- Born: 2 November 1948 (age 77) Poole, Dorset, England, UK
- Education: Horsham High School for Girls Somerville College, Oxford Wolverhampton Polytechnic (1980)
- Occupation: Novelist
- Spouse: Nicholas Rankin
- Children: Rosa Rankin-Gee
- Writing career
- Notable work: The White Family (2002)
- Notable awards: Granta Best of Young British Novelists (1983)

= Maggie Gee (novelist) =

English novelist (born 1948)

Maggie Mary Gee (born 2 November 1948) is an English novelist. In 2012, she became a professor of creative writing at Bath Spa University.

Gee was one of six women among the 20 writers on the Granta Best of Young British Novelists list in 1983, which she recalls as "a very good time for fiction." She was the first female chair of the Royal Society of Literature (RSL), 2004–08.

==Life==
Gee was born in Poole, Dorset. As a child, she lived in the Midlands before moving to Sussex. She was educated at Horsham High School for Girls, won a scholarship to Somerville College, Oxford, where she earned an MA degree in English literature and an MLitt on Surrealism in England. After university, she worked in publishing for two years and then became a research assistant at Wolverhampton Polytechnic, where she completed a Ph.D. in The Self-Conscious Novel from Sterne to Vonnegut. She was chosen as one of the original Granta 20 Best of Young British Novelists in 1983.

Gee is a Fellow of the Royal Society of Literature (FRSL). Her teaching specialty is 20th- and 21st-century fiction.

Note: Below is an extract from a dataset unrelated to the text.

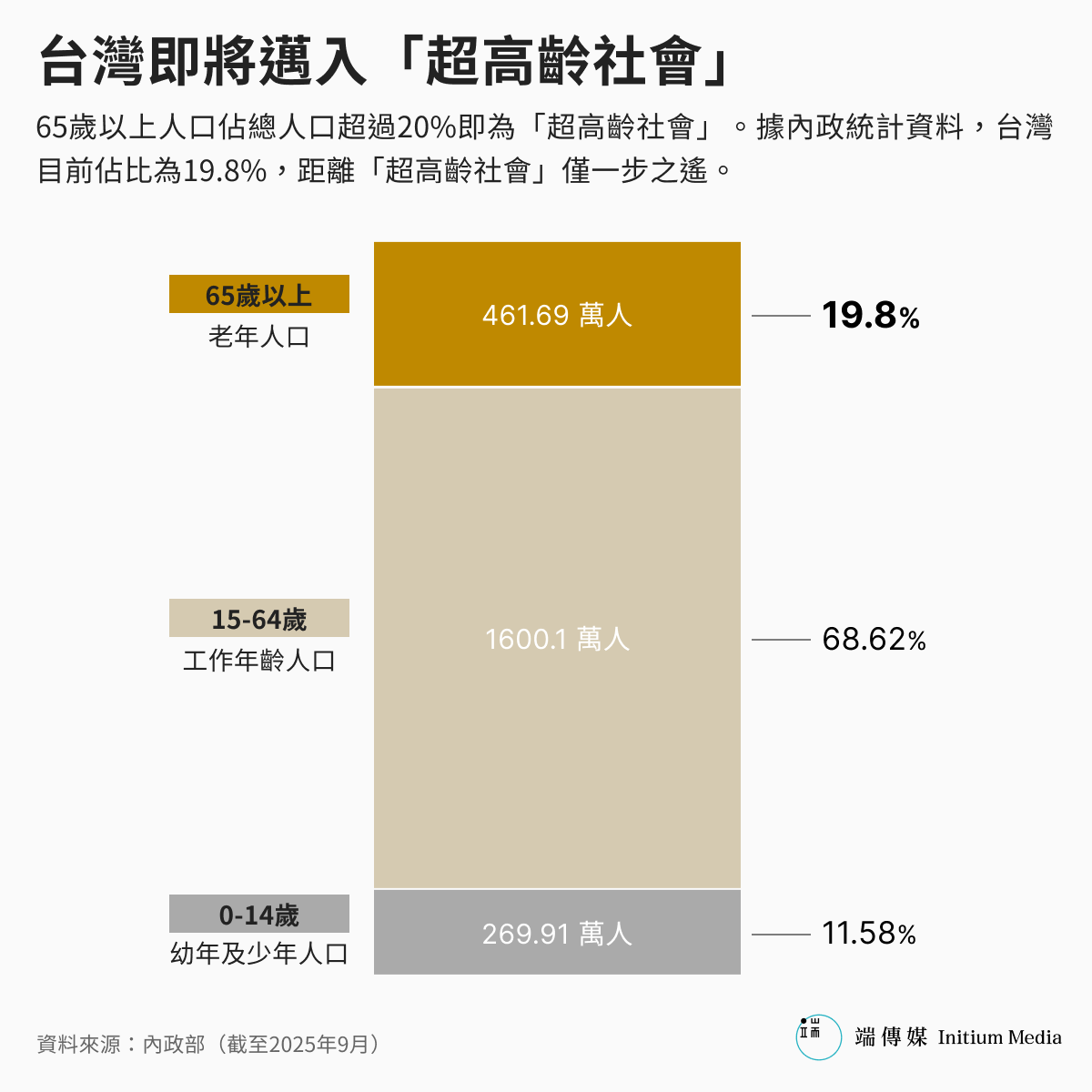 台灣社會的老化,幾乎是在人們還來不及反應時,便迎面撞上。1993年,依據世界衛生組織(WHO)的定義,台灣步入「高齡化社會」(老年人口占總人口比例高於7%);2018年,跨入「高齡社會」(高於 14%)。在今年9月底,據台灣內政統計資料顯示,65歲以上人口佔比已是19.80%,距離正式邁入「超高齡社會」——亦即65歲以上人口佔總人口超過20%——僅差一步之遙。這意味著,街上每五個人,就會有一位長者。

Gee lived in London with her husband, the writer and broadcaster Nicholas Rankin, and their daughter Rosa Rankin-Gee, who is also a novelist. Gee now lives in Ramsgate.

==Work==
Gee has published 14 novels; a collection of short stories, and a memoir. Her seventh novel, The White Family, was shortlisted for the 2003 Orange Prize and the International Dublin Literary Award. The first book-length study of her work, Mine Özyurt Kılıç's Maggie Gee: Writing the Condition-of-England Novel, was published in 2013.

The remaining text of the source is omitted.